* [GOAL OF THE EXERCISE]
Every line below from the one with "Комплектът от 8" through the one with "Foto: (da esq." is to be repeated exactly, with no picture among them.

Stored records

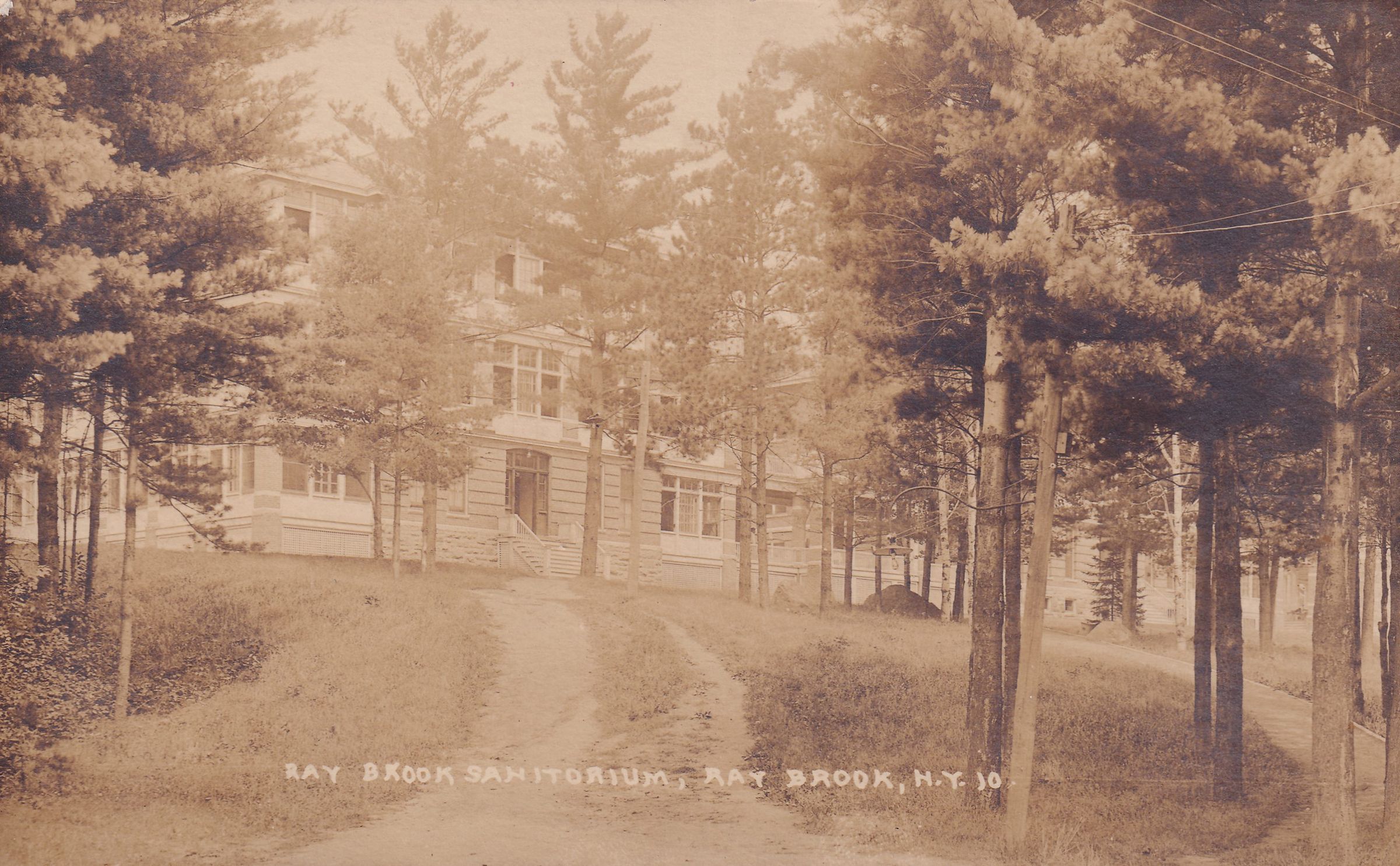Photograph postcard showing the Main Building at the New York State Sanatorium for Incipient Tuberculosis, AKA Ray Brook Sanatorium, as seen through the trees. Printed caption on front reads, “Ray Brook Sanitorium, Ray Brook, N. Y.” Unused, divided back.Subject Place
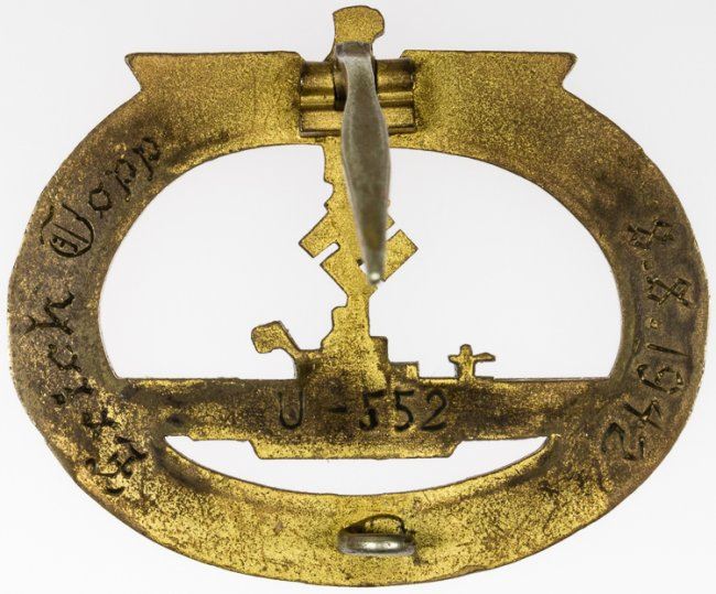 ERICH TOPP'S ENGRAVED U-BOAT BADGE
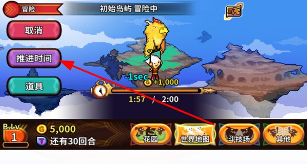3、在游玩體驗冒險界面點擊推進時間按鈕,可加快冒險進程,獲取金幣等資源,助力龍的成長。
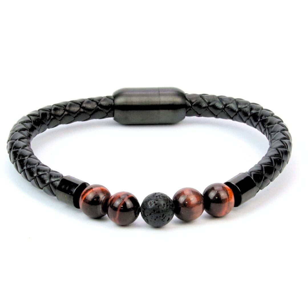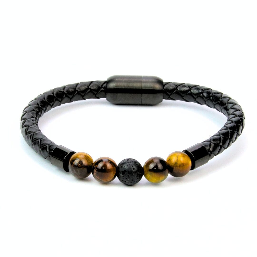 Bracelet Noire Œil de Tigre & Pierre de Lave
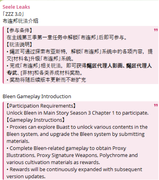 Previous >>565326958>NewsAgent Record | Normahttps://www.hoyolab.com/article/44852924Agent Record | Velinahttps://www.hoyolab.com/article/44852574Agent Record | Pyroishttps://www.hoyolab.com/article/44836786Version 2.8 Special Programhttps://youtu.be/UaqNm1F6-rI >Newest Trailer/Teaser/Character demohttps://youtu.be/ew9nVnCl8AY (EN)https://youtu.be/L5DEAV17cYY (JP)https://youtu.be/tN0ibny9Ans (EN)https://youtu.be/25vaOHfSDUY (JP)https://youtu.be/7FbKuJv0e1I (EN)https://youtu.be/rBgqwLdtX-I (JP) >Upcoming Events for 2.7https://zenless.hoyoverse.com/en-us/news/163253Chronicle of Simmering Flavors 03/25 - 05/05All-New Program 03/24 - 05/05Special Disaster Control Squad 04/03 - 04/20Old Friends, New Commissions! 04/15 - 05/05"En-Nah" Into Your Lap 04/15 - 05/05Adventure Footage Freeze Frame 04/22 - 05/05Charge! Battle Against the Negative Reviews 04/29 - 05/13Advanced Bounty: Area Patrol 04/10 - 04/15Data Bounty: Combat Simulation 04/29 - 05/04 >Redeemable codes (claimable in-game or online)https://zenless.hoyoverse.com/redemptionZENLESSGIFTZZZCUTENESSZZZ27CHAMPIONZZZ28HERO >Resources and useful linkshttps://rentry.org/zzzlinkshttps://rentry.org/ZZZ-Friendshttps://rentry.org/ZZZ-Guilds >/zzz/ OP pastebin (use this if making new thread):https://pastebin.com/PzbMf13P
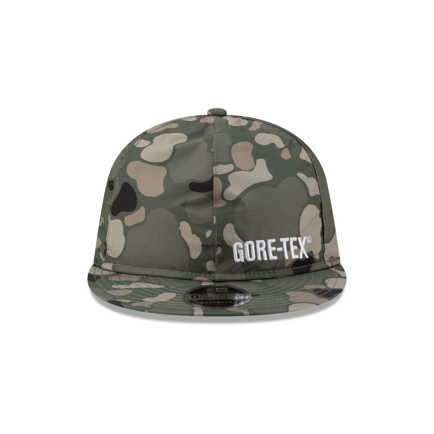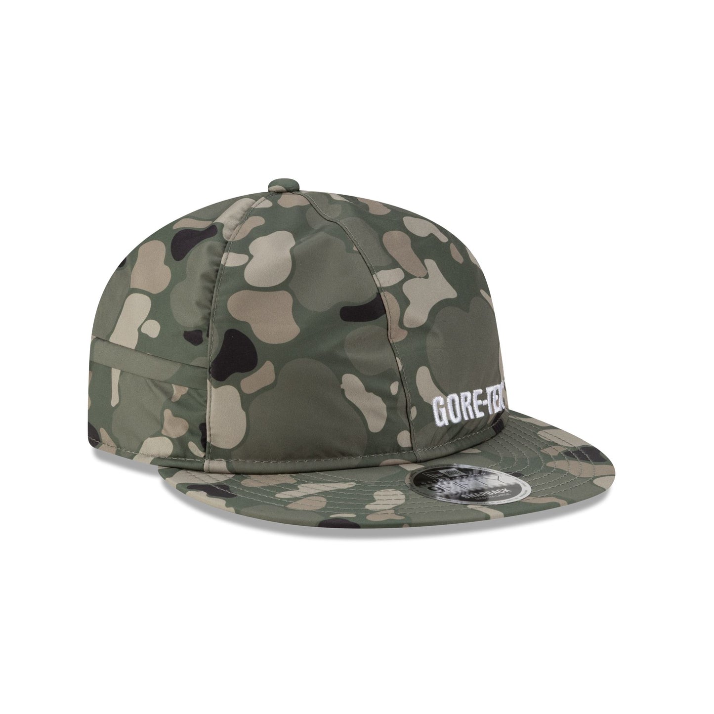 The New Era Cap Gore-Tex Outdoor Camo Retro Crown 9FIFTY Strapback Cap features an embroidered Gore-Tex logo at the front panel with a New Era Flag at the left-wear side. Additional details include a zip pocket at the right-wear side and a metal triangle loop above a Fidlock magnetic closure at the rear.
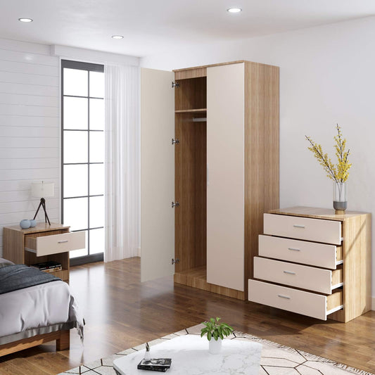 Wardrobe elegant 3 Piece Bedroom Furniture Sets High Gloss Soft Close ( CREAM & OAK )
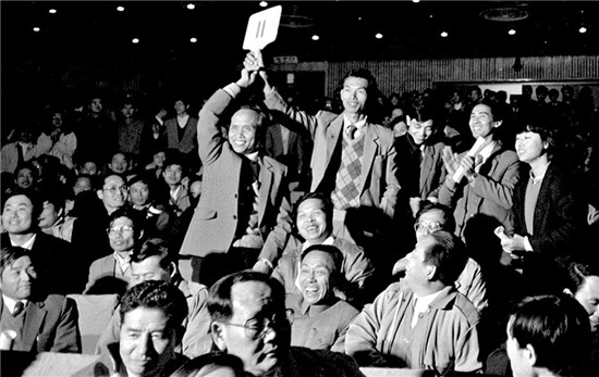 1987年深圳首次舉行國有土地拍賣,時任深圳經濟特區房地產公司總經理駱錦星(左)競拍成功,與同事欣喜地舉牌。大公網
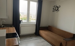 Квартира со всем необходимым, этаж 9/17, есть балкон, рядом продуктовые магазины, бесплатные парковочные места + платные стоянки. До центра 25 минут пешком.
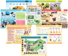Комплектът от 8 двустранни дидактични табла за фронтална работа включва: табло по български език и литература - Строеж на езика. Създаване на текстове; табло по математика Числа и действия с тях. Геометрични фигури, мерни единици; табло по човекът и обществото Културни забележителности. Природни богатства; табло по човекът и природата Хранителни вериги. Здравословен начин на живот; табло по човекът и природата Жизнени процеси. Органи на човешкото тяло; табло по изобразително изкуство Архитектура. Народно творчество; табло по музика Музикална писменост. Музикални инструменти; табло по компютърно моделиране ... |
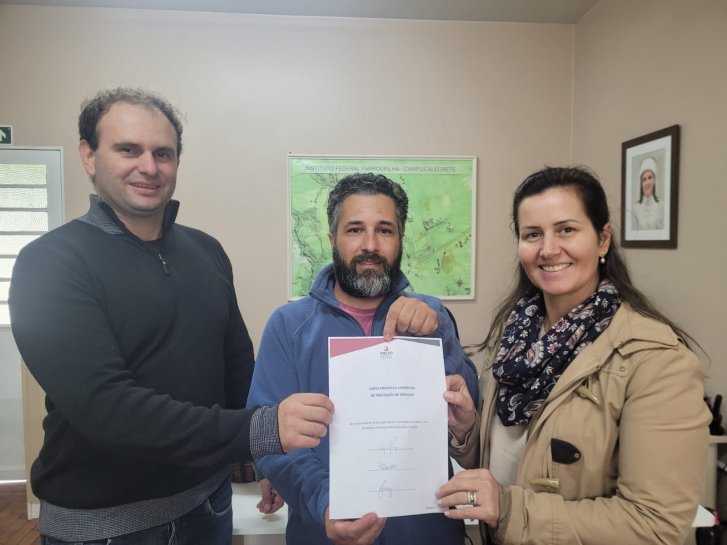 Foto: (da esq. p/ dir.) diretor de Pesquisa, Extensão e Produção, Douglas Dalla Nora, coordenador do projeto de pesquisa, Emmanuel de Camargo, e diretora geral do Campus Alegrete, Ana Rita Parizi
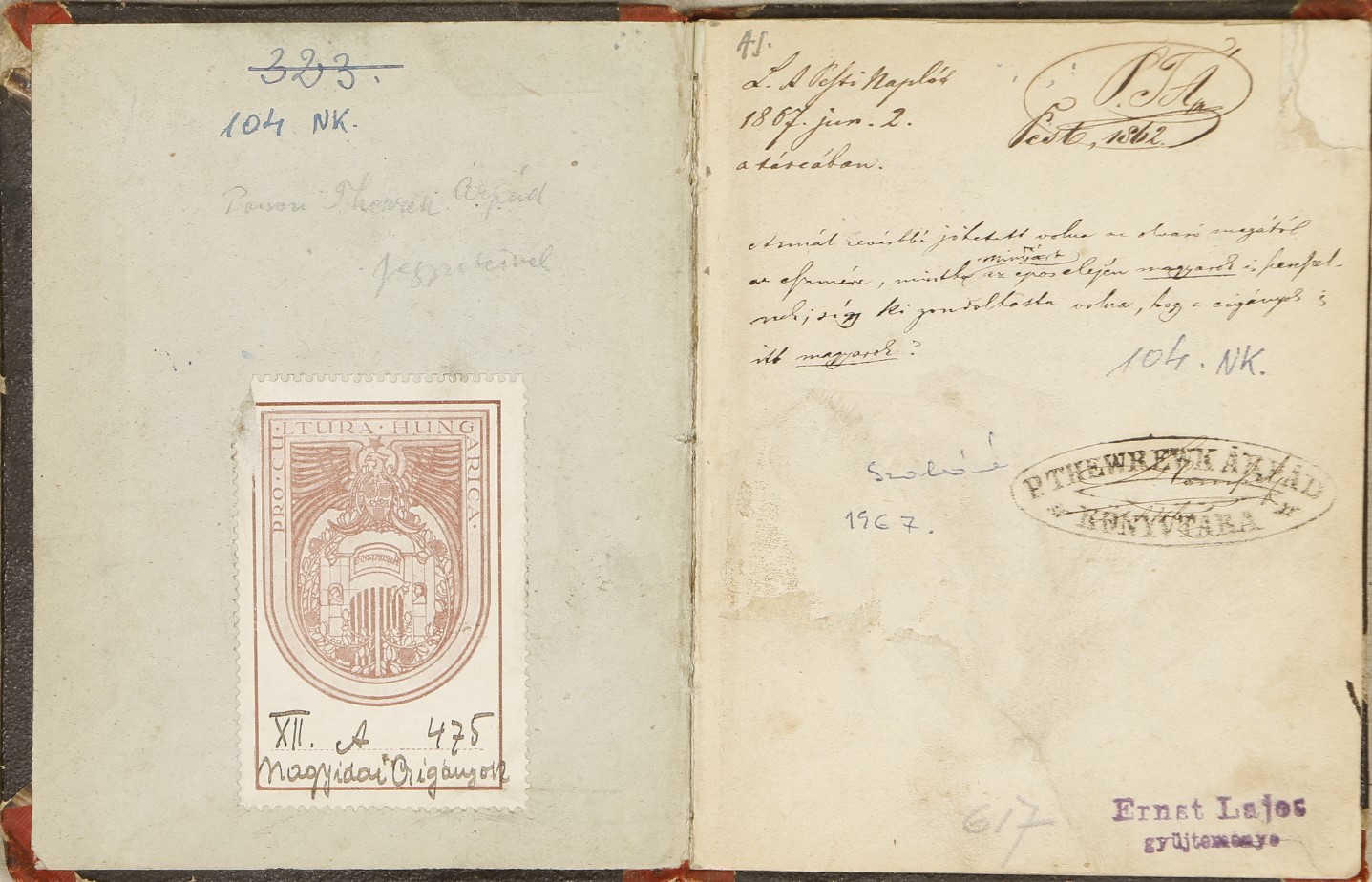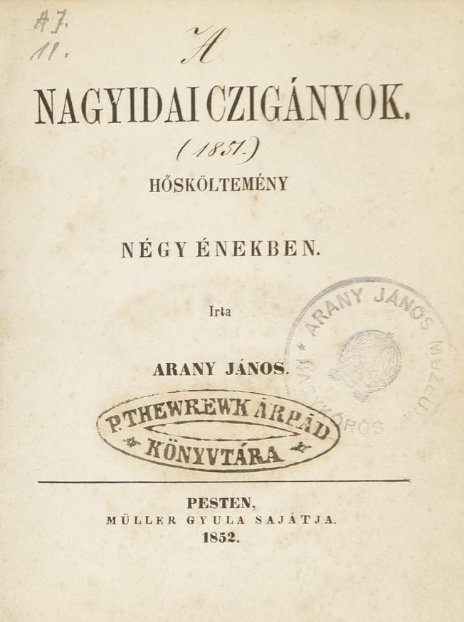 Possessor: A kötéstábla versoján az Ernst Múzeum „Pro Cultura Hungarica” ex-librise, mely, a rajta lévő címmel és számmal jelzi, hogy az egykor Ernst Lajos gyűjteményébe tartozó mű hol szerepelt a múzeum állandó kiállításán. Az előzéklapon Ernst Lajos gyűjteményi pecsétje, a címlapon, a szövegközben és a hátulsó előzéklapon az Arany János Múzeum, Nagykőrös, valamint P. Therewk Árpád Könyvtárának pecsétjei. Az előzéklap rectoján P.T.Á. monogram dátummal: Pest, 1862, valamint „L. A Pesti naplót 1867. jun. 2. a tárcában”. Itt olvasható az Arany János művét övező vita egyik kulcsgondolata is, Therewk tollából: „Annál kevésbé jöhetett volna az olvasó magától az eszmére, mintha mindjárt az epos elején magyarok is szerepelnek; s így ki gondolhatta volna, hogy a cigányok is itt magyarok?”

* [RESULT BELOW]
Комплектът от 8 двустранни дидактични табла за фронтална работа включва: табло по български език и литература - Строеж на езика. Създаване на текстове; табло по математика Числа и действия с тях. Геометрични фигури, мерни единици; табло по човекът и обществото Културни забележителности. Природни богатства; табло по човекът и природата Хранителни вериги. Здравословен начин на живот; табло по човекът и природата Жизнени процеси. Органи на човешкото тяло; табло по изобразително изкуство Архитектура. Народно творчество; табло по музика Музикална писменост. Музикални инструменти; табло по компютърно моделиране ... |
 Foto: (da esq. p/ dir.) diretor de Pesquisa, Extensão e Produção, Douglas Dalla Nora, coordenador do projeto de pesquisa, Emmanuel de Camargo, e diretora geral do Campus Alegrete, Ana Rita Parizi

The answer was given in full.